Data shown:
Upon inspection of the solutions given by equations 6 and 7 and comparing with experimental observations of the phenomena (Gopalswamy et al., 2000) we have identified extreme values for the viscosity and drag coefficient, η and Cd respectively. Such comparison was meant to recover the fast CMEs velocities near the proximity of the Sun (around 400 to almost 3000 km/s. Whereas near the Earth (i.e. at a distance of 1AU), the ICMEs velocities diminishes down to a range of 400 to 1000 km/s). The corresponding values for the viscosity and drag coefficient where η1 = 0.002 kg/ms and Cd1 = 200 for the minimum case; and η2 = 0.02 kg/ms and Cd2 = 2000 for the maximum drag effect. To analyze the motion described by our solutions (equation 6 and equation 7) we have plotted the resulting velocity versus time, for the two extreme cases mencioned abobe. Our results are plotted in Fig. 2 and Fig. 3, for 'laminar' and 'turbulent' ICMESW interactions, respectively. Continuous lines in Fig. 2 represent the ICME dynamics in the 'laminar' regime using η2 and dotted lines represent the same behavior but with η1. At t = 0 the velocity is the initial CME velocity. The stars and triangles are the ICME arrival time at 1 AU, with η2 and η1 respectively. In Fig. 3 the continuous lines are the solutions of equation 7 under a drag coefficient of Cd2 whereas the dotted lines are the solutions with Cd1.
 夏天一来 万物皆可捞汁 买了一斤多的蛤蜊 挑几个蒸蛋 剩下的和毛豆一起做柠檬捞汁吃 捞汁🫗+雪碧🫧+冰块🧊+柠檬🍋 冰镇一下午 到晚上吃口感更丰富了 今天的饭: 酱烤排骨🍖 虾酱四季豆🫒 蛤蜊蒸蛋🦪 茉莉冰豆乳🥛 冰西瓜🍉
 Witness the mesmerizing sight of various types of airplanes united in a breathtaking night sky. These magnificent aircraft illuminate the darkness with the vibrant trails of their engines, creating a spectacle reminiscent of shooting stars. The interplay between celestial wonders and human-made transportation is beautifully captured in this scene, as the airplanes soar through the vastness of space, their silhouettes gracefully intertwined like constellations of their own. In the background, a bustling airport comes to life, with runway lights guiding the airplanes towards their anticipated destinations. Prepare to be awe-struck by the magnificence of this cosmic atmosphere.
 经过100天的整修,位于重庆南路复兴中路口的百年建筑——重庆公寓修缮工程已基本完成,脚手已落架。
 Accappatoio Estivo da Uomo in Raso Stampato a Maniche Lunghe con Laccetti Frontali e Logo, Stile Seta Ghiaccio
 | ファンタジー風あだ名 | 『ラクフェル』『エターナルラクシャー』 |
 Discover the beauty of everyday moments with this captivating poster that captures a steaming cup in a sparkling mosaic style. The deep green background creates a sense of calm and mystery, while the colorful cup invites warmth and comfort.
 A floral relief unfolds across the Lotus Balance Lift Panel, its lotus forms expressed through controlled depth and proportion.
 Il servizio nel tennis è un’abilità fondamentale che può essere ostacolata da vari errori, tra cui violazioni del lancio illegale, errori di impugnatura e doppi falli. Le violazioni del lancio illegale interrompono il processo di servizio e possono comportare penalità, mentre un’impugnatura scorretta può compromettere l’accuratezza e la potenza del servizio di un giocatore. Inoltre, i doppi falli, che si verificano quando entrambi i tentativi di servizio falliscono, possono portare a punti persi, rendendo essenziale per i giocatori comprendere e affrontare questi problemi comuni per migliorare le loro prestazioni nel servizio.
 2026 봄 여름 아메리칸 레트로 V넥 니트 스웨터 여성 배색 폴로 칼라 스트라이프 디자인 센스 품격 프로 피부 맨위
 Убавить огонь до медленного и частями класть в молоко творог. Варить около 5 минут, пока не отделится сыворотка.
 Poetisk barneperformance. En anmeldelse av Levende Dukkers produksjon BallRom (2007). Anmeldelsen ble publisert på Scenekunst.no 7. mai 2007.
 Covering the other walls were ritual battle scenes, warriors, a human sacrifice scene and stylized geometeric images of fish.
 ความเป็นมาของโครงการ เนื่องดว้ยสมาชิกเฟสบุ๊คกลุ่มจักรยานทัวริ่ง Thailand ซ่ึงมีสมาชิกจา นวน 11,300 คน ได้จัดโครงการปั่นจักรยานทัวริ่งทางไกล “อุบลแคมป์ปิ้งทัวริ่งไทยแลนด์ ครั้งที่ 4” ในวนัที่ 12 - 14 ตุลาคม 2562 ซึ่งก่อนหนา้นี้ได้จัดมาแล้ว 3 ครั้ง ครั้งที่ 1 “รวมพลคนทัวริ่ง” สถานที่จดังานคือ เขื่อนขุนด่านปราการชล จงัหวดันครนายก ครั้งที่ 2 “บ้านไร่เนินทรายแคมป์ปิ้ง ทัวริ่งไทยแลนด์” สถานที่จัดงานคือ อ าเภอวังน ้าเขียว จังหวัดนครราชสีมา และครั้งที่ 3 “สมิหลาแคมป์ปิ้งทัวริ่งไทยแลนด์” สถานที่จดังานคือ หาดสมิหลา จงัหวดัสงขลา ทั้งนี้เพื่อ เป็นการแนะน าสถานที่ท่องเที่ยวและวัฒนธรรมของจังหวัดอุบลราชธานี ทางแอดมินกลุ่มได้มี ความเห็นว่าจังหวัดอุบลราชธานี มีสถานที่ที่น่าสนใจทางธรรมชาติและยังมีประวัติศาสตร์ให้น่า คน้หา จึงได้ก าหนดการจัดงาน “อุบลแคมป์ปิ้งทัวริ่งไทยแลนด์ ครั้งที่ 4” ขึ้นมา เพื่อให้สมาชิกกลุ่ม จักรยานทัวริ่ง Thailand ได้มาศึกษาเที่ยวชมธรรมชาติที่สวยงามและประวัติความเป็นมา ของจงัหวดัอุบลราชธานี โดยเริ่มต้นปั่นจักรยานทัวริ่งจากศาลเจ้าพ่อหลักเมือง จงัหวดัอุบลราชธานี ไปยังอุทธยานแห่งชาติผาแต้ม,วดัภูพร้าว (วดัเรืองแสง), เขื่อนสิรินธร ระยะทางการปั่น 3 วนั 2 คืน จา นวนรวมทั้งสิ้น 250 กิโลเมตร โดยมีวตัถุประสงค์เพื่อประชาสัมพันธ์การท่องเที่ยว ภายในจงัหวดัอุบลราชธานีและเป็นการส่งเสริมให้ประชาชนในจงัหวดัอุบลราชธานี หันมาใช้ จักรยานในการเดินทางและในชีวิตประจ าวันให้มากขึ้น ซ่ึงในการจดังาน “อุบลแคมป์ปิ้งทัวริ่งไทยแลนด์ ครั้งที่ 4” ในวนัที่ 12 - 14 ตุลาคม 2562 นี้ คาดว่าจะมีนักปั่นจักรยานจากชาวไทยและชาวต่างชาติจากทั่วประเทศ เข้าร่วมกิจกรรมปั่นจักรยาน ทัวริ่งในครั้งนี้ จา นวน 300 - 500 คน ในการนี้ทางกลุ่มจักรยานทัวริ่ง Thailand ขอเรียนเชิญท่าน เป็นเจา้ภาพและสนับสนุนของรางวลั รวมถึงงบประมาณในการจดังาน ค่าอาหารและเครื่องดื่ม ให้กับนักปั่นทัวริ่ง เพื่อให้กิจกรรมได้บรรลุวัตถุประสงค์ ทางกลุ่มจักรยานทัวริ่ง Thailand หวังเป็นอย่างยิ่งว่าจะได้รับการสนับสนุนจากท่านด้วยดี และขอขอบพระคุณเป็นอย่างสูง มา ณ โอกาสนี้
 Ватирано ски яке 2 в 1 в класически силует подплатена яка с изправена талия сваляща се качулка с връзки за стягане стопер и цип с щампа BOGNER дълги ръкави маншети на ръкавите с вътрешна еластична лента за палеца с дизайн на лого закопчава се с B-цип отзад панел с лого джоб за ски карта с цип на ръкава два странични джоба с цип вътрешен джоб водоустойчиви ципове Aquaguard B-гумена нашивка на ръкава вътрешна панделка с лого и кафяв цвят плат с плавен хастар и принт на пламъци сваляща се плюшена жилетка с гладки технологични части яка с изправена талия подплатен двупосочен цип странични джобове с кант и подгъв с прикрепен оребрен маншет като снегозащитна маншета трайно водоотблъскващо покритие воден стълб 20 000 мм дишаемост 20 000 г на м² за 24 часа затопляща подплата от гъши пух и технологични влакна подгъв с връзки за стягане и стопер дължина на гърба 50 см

What to work on:
Given the data above, transcribe exactly the lines from the one containing "2026 봄 여름 아메리칸" down to the one containing "Poetisk barneperformance. En", and no others.

Response area:
 2026 봄 여름 아메리칸 레트로 V넥 니트 스웨터 여성 배색 폴로 칼라 스트라이프 디자인 센스 품격 프로 피부 맨위
 Убавить огонь до медленного и частями класть в молоко творог. Варить около 5 минут, пока не отделится сыворотка.
 Poetisk barneperformance. En anmeldelse av Levende Dukkers produksjon BallRom (2007). Anmeldelsen ble publisert på Scenekunst.no 7. mai 2007.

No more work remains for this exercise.